Start of MATERIAL TO PROCESS

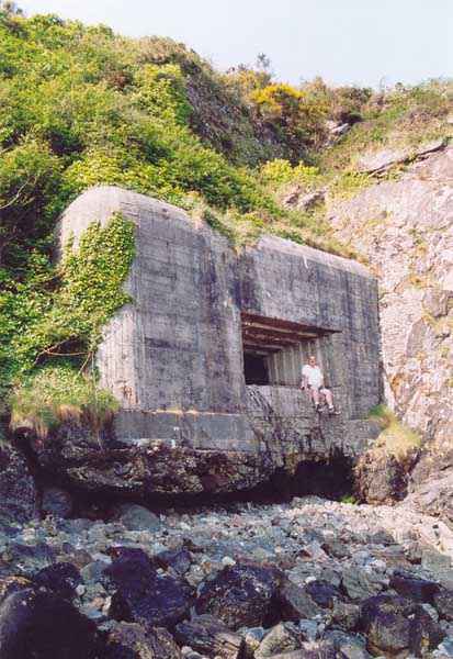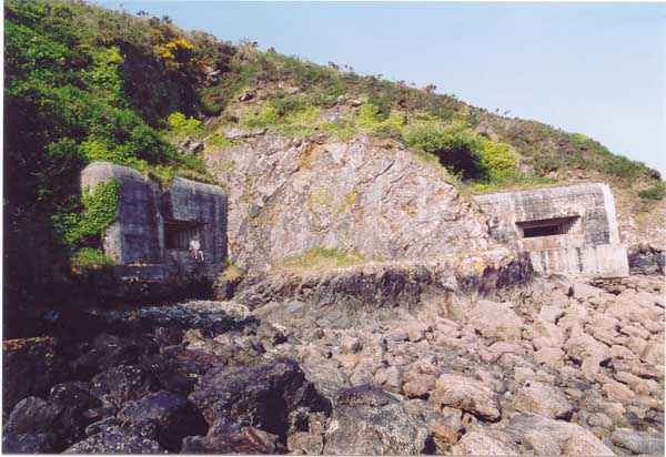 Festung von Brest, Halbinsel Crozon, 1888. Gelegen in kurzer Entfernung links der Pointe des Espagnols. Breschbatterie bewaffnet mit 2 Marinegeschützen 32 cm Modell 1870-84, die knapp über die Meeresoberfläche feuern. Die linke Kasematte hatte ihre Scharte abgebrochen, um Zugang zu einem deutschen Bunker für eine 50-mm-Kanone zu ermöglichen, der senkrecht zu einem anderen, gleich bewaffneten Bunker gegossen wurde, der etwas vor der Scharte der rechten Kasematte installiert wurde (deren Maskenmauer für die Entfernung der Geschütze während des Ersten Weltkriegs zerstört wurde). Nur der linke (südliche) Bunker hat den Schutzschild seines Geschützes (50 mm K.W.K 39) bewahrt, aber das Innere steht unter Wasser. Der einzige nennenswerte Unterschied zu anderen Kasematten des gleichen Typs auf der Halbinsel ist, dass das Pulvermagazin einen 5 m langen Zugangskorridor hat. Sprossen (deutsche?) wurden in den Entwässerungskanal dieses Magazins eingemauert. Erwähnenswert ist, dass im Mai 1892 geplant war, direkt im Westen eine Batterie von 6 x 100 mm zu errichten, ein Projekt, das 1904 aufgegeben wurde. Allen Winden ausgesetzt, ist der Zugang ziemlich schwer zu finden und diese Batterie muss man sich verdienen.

End of MATERIAL TO PROCESS
Start of MATERIAL TO PROCESS

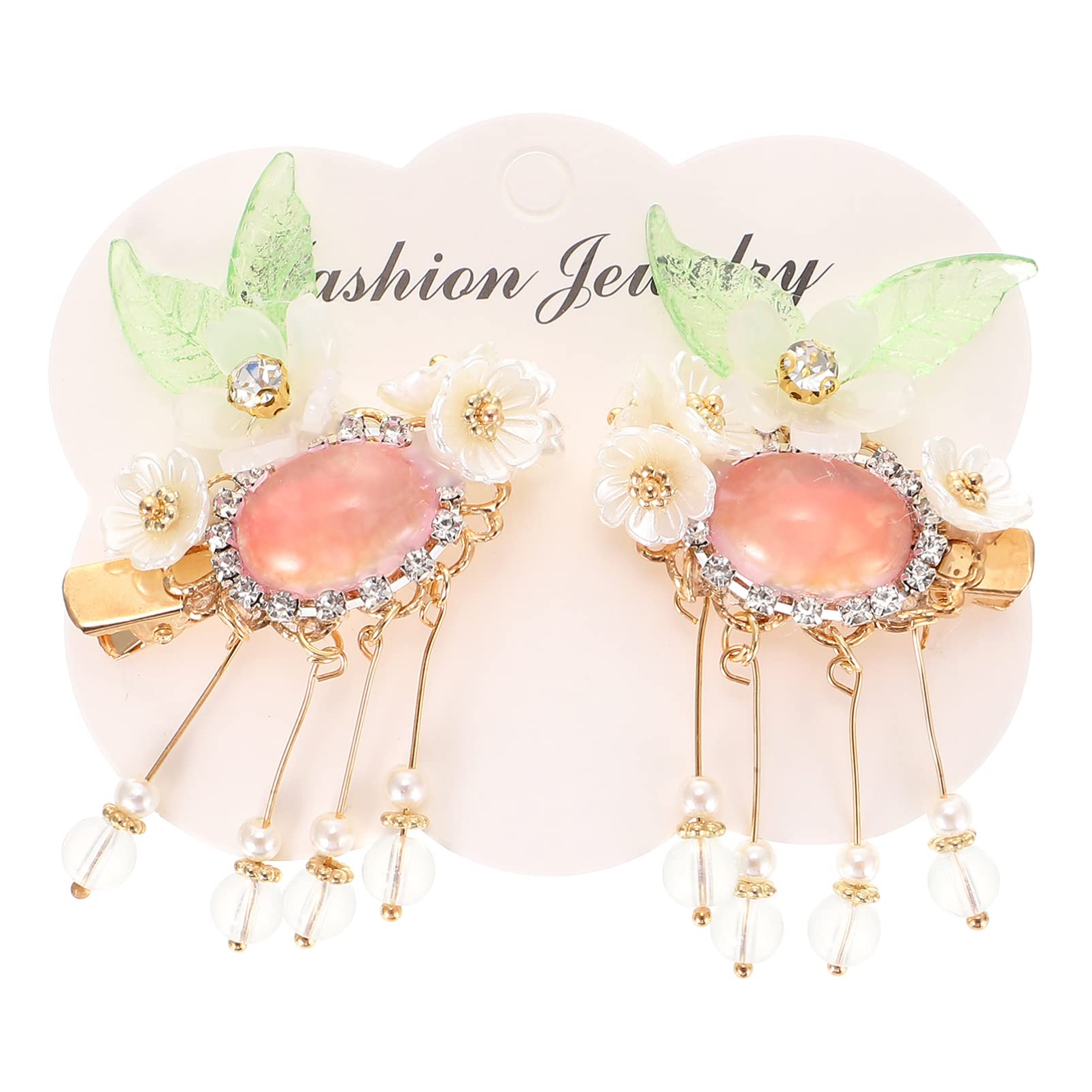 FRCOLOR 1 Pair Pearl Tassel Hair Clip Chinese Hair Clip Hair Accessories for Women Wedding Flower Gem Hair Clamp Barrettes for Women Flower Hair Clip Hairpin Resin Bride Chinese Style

End of MATERIAL TO PROCESS
Start of MATERIAL TO PROCESS

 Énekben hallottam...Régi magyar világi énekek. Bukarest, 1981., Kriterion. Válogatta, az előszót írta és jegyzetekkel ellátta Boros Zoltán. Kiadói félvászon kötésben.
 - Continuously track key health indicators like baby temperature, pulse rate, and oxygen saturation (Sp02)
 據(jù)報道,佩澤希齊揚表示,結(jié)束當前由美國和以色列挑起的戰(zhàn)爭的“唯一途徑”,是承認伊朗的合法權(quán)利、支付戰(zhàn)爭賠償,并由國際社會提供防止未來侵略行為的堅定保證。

End of MATERIAL TO PROCESS

• INSTRUCTIONS TO FOLLOW: Copy the lines of the data above exactly as written, beginning with the line containing "Énekben hallottam...Régi magyar" and ending with the line containing "據(jù)報道,佩澤希齊揚表", and leave out all other lines.

• EXERCISE RESULT:
 Énekben hallottam...Régi magyar világi énekek. Bukarest, 1981., Kriterion. Válogatta, az előszót írta és jegyzetekkel ellátta Boros Zoltán. Kiadói félvászon kötésben.
 - Continuously track key health indicators like baby temperature, pulse rate, and oxygen saturation (Sp02)
 據(jù)報道,佩澤希齊揚表示,結(jié)束當前由美國和以色列挑起的戰(zhàn)爭的“唯一途徑”,是承認伊朗的合法權(quán)利、支付戰(zhàn)爭賠償,并由國際社會提供防止未來侵略行為的堅定保證。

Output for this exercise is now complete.